Our review "Development of type 2 diabetes mellitus in people with intermediate hyperglycaemia" (authors: Bernd Richter, Bianca Hemmingsen, Maria-Inti Metzendorf, Yemisi Takwoingi) belongs to the top 10% most downloaded Cochrane Reviews of the years 2018/19. It is one of the first Cochrane reviews focussing on a prognostic question and includes evidence from 103 prospective cohort studies.
Intermediate hyperglycaemia is characterised by one or more measurements of elevated blood glucose concentrations, such as impaired fasting glucose, impaired glucose tolerance and elevated glycosylated haemoglobin A1c (HbA1c). These levels are higher than normal but below the diagnostic threshold for type 2 diabetes mellitus. The reduced threshold of 5.6 mmol/L (100 mg/dL) fasting plasma glucose for defining IFG, introduced by the American Diabetes Association in 2003, substantially increased the prevalence of impaired fasting glucose. Likewise, the lowering of the HbA1c threshold from 6.0% to 5.7% by the American Diabetes Association in 2010 could potentially have significant medical, public health and socioeconomic impacts.
To assess the overall prognosis of people with intermediate hyperglycaemia for developing type 2 diabetes mellitus, regression from intermediate hyperglycaemia to normoglycaemia and the difference in T2DM incidence in people with IH versus people with normoglycaemia.
Overall prognosis of people with intermediate hyperglycaemia worsened over time. Type 2 diabetes mellitus cumulative incidence generally increased over the course of follow‐up but varied with IH definition. Regression from intermediate hyperglycaemia to normoglycaemia decreased over time but was observed even after 11 years of follow‐up.
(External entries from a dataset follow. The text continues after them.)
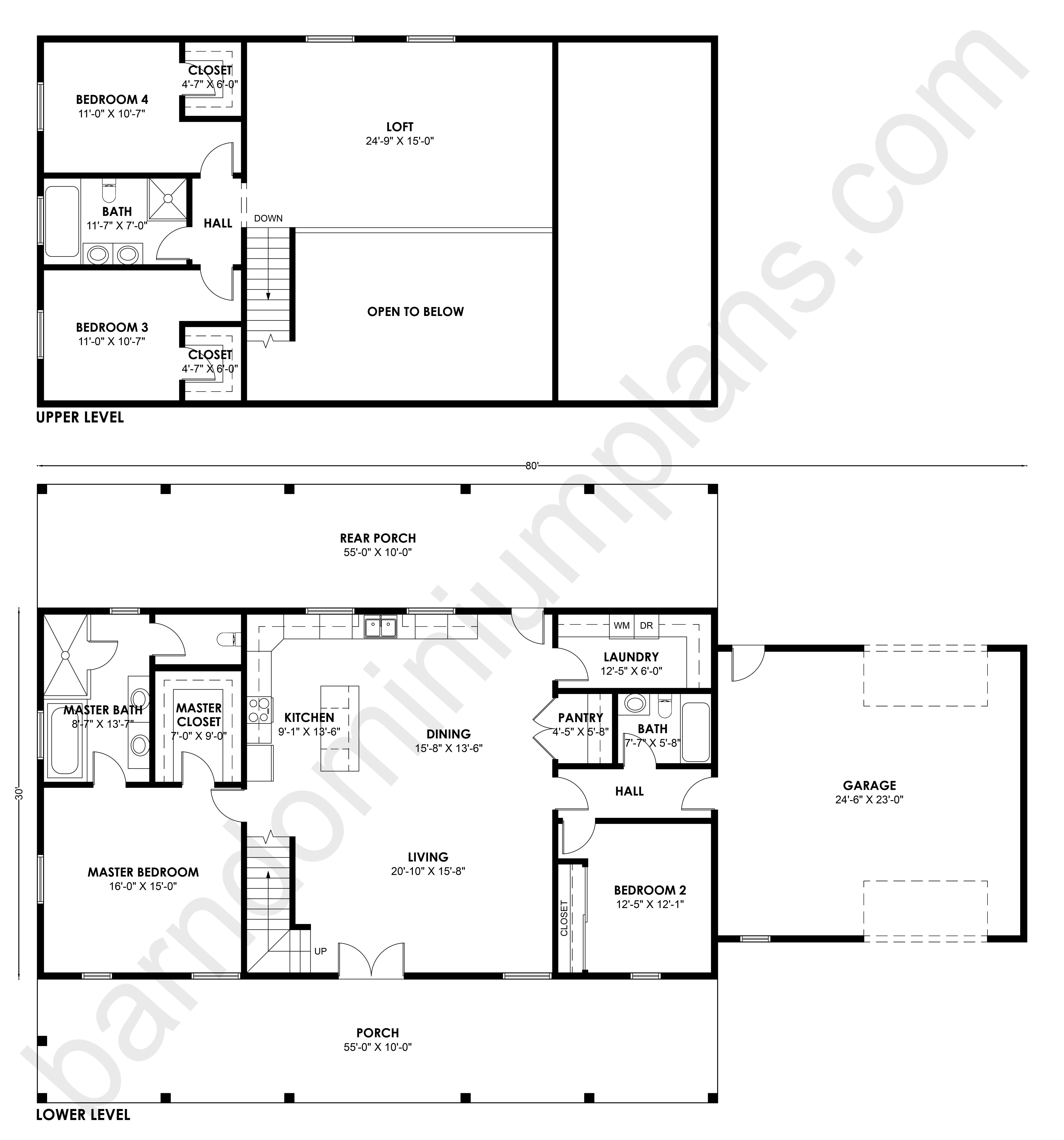 - The Upper Level adds two more Bedrooms (Bedroom 3 at 11'-0" x 10'-7" and Bedroom 4 at 11'-0" x 10'-7") and a Loft (24'-0" x 15'-0") that overlooks the level below.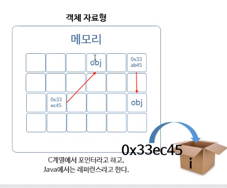 객체 자료형은 객체 메모리 주소가 변수에 저장됨 => 실제 객체는 다른데 존재하고, 객체를 가진 주소를 가지고 있음.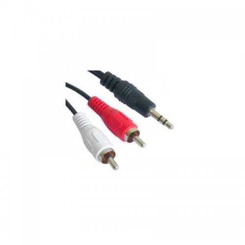 Cabo de áudio estéreo Nanocable 10.24.0310, com conectores 3.5mm macho e 2 RCA macho. Comprimento de 10 metros e cor preta. Ideal para conectar dispositivos de áudio a sistemas de som.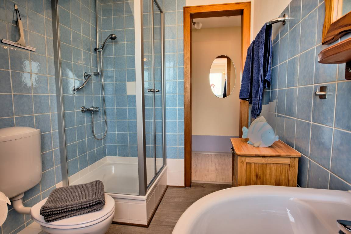 Die im 1. Stock gelegene, liebevoll eingerichtete Wohnung bietet auf 55 qm ein behagliches Wohn- Esszimmer, ein separates Schlafzimmer, eine separate Küche, ein Bad mit Dusche und WC und einen kleinen, nach Süd-/Ost ausgerichteten Balkon. Zusätzlich zur gemütlichen Sitzgarnitur gibt es noch einen elektrisch verstellbaren Sessel, der wunderbar zum Lesen oder relaxen einlädt. Der Essplatz bietet mit einem ausziehbaren Tisch und vier Stühlen hinreichend Platz. Die sehr gut ausgestattete Küche lässt kaum Wünsche offen. Im Schlafzimmer sorgt ein Kleiderschrank und eine Kommode für Ordnung und im 1,80m x 2,00 m großen Bett mit Bettwäsche in Übergröße lässt es sich herrlich träumen. Das helle Tageslichtbad ist ausgestattet mit Dusche, WC und Waschbecken.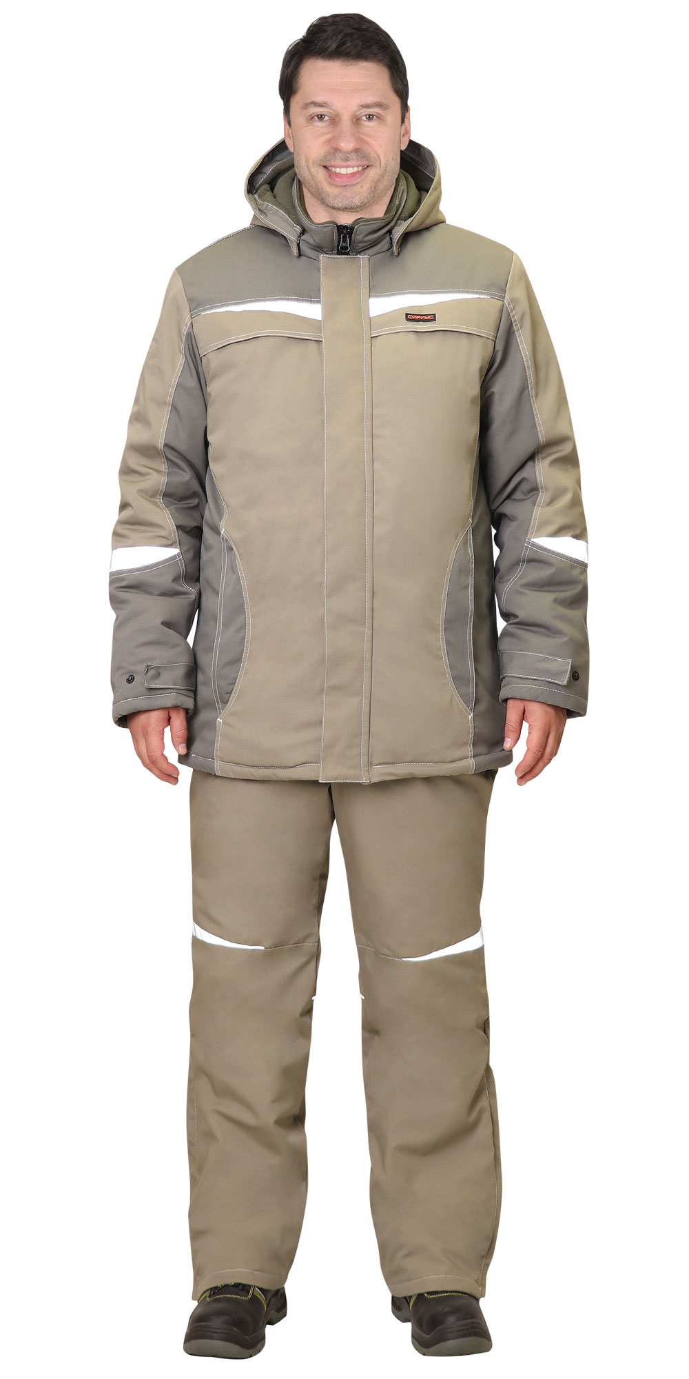 В костюме предусмотрены фигурные светоотражающие элементы (СОП) обеспечивающие безопасность работы в условиях пониженной видимости.
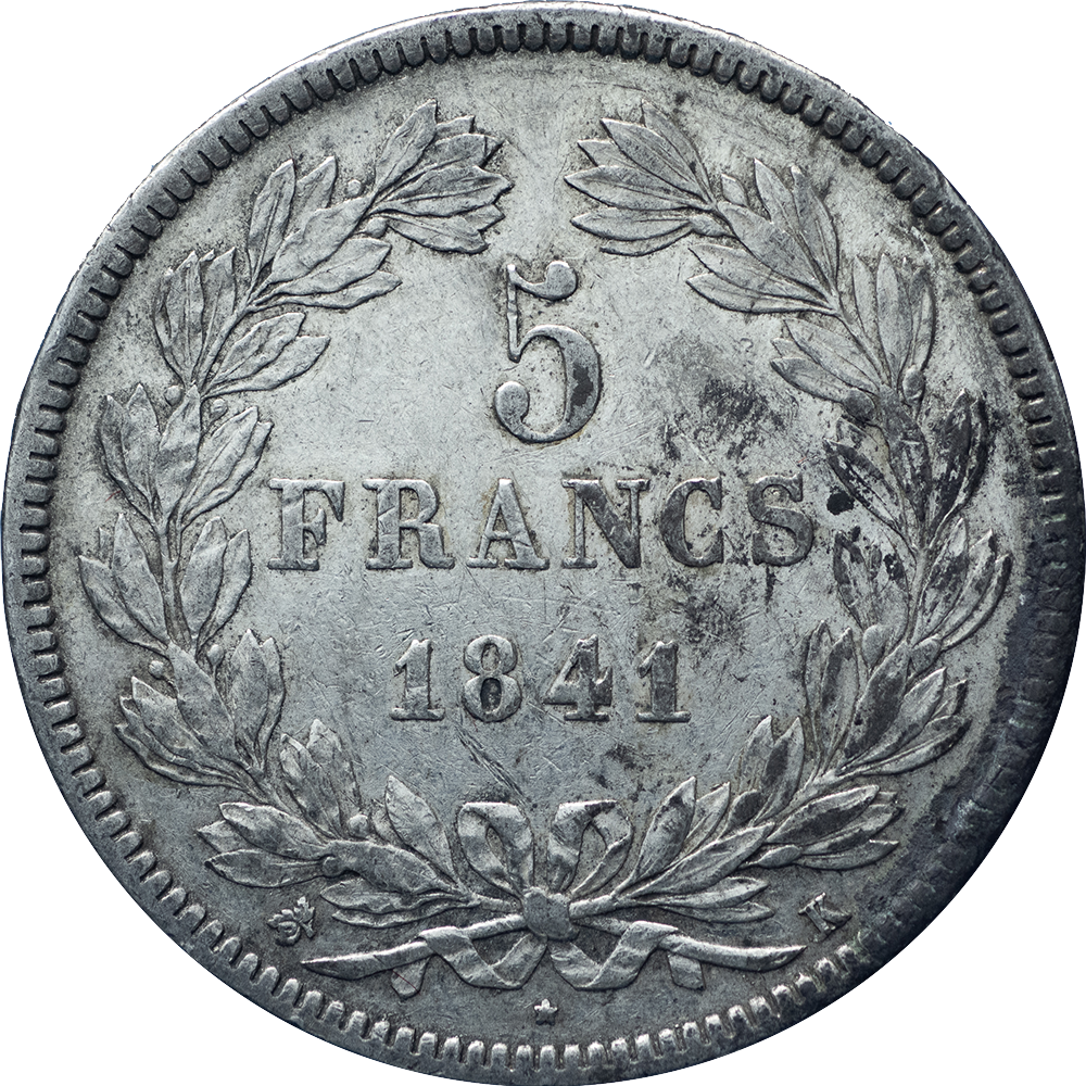 Description : tête de Louis-Philippe Ier à droite portant une couronne de chêne terminée par un ruban descendant le long du cou.

The risk of developing type 2 diabetes mellitus when comparing intermediate hyperglycaemia with normoglycaemia at baseline varied by IH definition. Taking into consideration the uncertainty of the available evidence, as well as the fluctuating stages of normoglycaemia, IH and T2DM, which may transition from one stage to another in both directions even after years of follow‐up, practitioners should be careful about the potential implications of any active intervention for people 'diagnosed' with intermediate hyperglycaemia.